Адмирал свел вместе кончики больших пальцев.
— Да. Это отмечено в рапорте лейтенанта Исикавы. Он заявляет, что вы вели себя очень отважно, но что лишь вмешательство дежурного по кораблю подполковника Окумы воспрепятствовало вам прикончить Розенкранца.
— Так точно.
— И что — вы убили бы его?
— Так точно.
— Характером вы, очевидно, в отца.
— Да, мне уже это говорили.
— Брент-сан, мне нужен этот пленный. Он располагает сведениями, от которых зависят сотни жизней и существование «Йонаги».
— Понимаю.
— А от покойника, согласитесь, сведения получить трудно.
— Он спровоцировал на столкновение лейтенанта Исикаву, который еще не оправился от своей раны. У меня были опасения, что он может убить его. Меня он ударил по лицу.
Адмирал откинулся на спинку стула, уронил руки на колени:
— Вы вели себя как подобает самураю, и не мне с вас за это взыскивать. Однако постарайтесь быть хладнокровней. В один прекрасный день ваша несдержанность будет стоить вам жизни.
— «Победа и поражение — преходящи, а избавление от позора найдешь в смерти».
Щелочки глаз раскрылись шире, адмирал подался вперед.
— Цитируете «Хага-куре»? — спросил он удивленно.

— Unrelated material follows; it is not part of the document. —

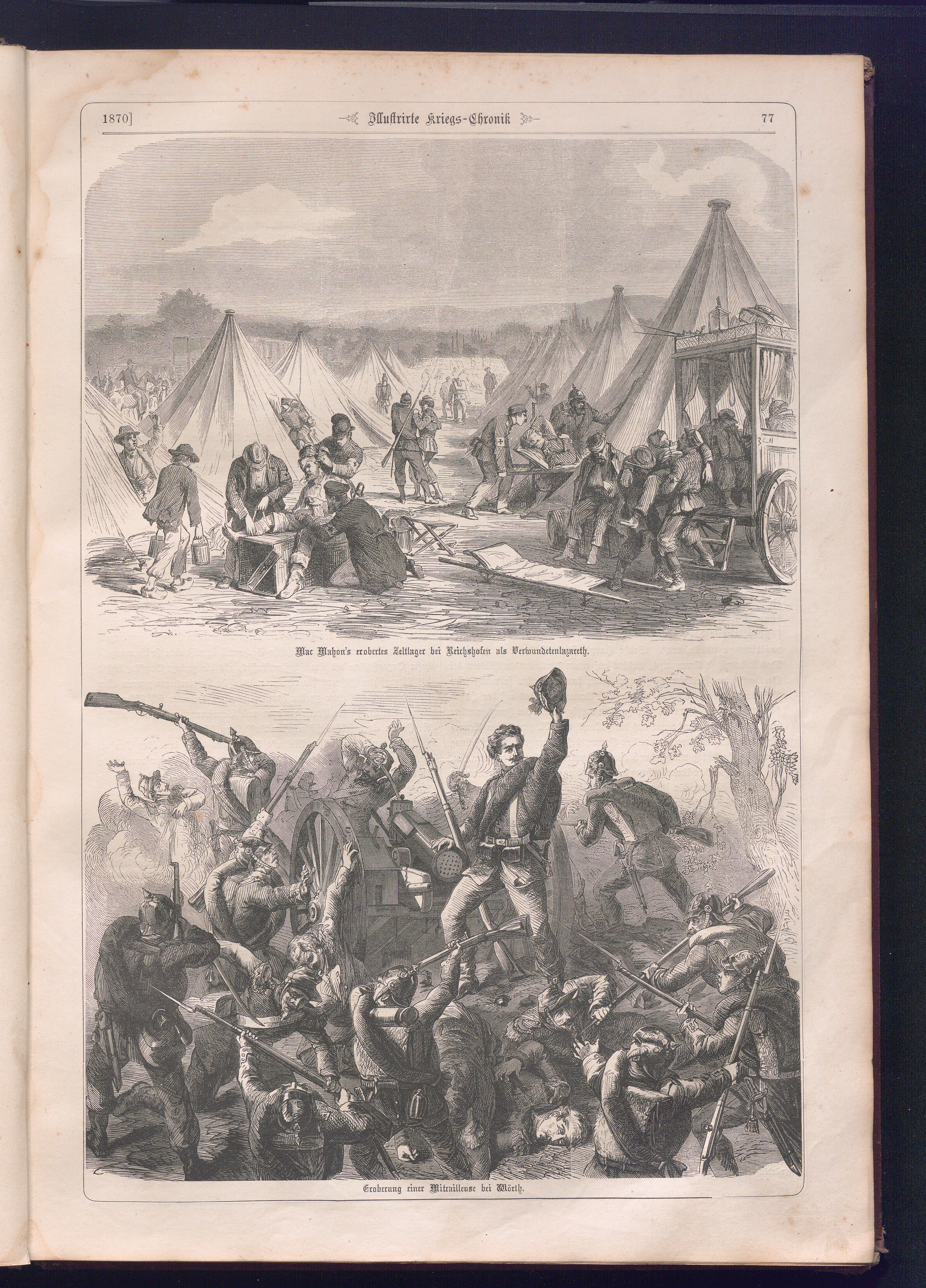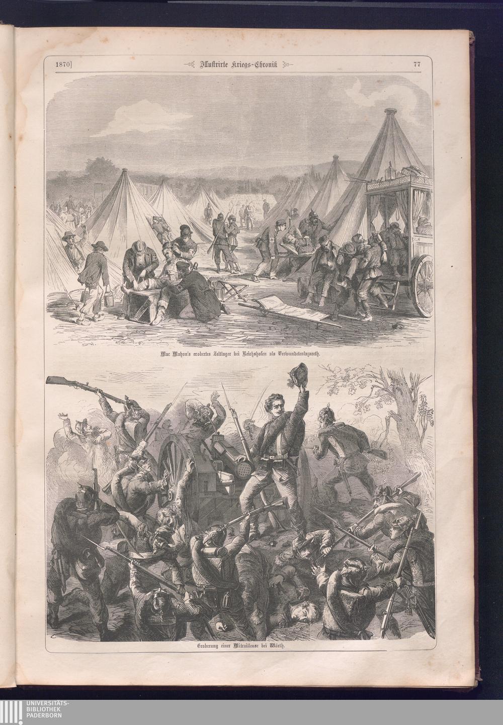 Illustrirte Kriegs-Chronik : Gedenkbuch an den Deutsch-Französischen Feldzug von 1870 - 1871 / Geschrieben vom Verfasser der Illustrirten Kriegs-Chronik von 1866 ; Initialen, Porträts, Kriegsbilder, Militär- und Marinebilder, Städteansichten, Karten und Pläne gezeichnet von den artistischen Mitarbeitern der Illustrirten Zeitung. [Hrsg. von Johann Jakob Weber] [Allegorisches Titelbild von C. Scheuren ; Titelblatt Friedr. Baumgarten]

— Да, сэр, но я только начал изучать эту книгу.
Старик явно был доволен:
— Что ж, продолжайте, Брент-сан. Вы когда заступаете на дежурство?
— С двадцати четырех, сэр.
— А завтра у вас — увольнение на берег?
— Так точно, сэр.
— Очень хорошо. Вам нужно отдохнуть и развеяться. Надеюсь, вы найдете, с кем приятно провести время.
— Уже нашел, сэр…
7
Во второй половине дня Брент оказался в квартале Сибуя, в самом центре которого на пересечении Тамагава-Дори и Аояма-Дори высилась современная двенадцатиэтажная башня из стали и стекла. В качестве ориентира Маюми указала ему огромную статую собаки, бывшую как бы эмблемой квартала, и вскоре Брент, выпутавшись из уличной толчеи, уже стоял перед огромной бронзовой собакой непонятной породы и печального вида, с мраморного пьедестала охранявшей подъезд.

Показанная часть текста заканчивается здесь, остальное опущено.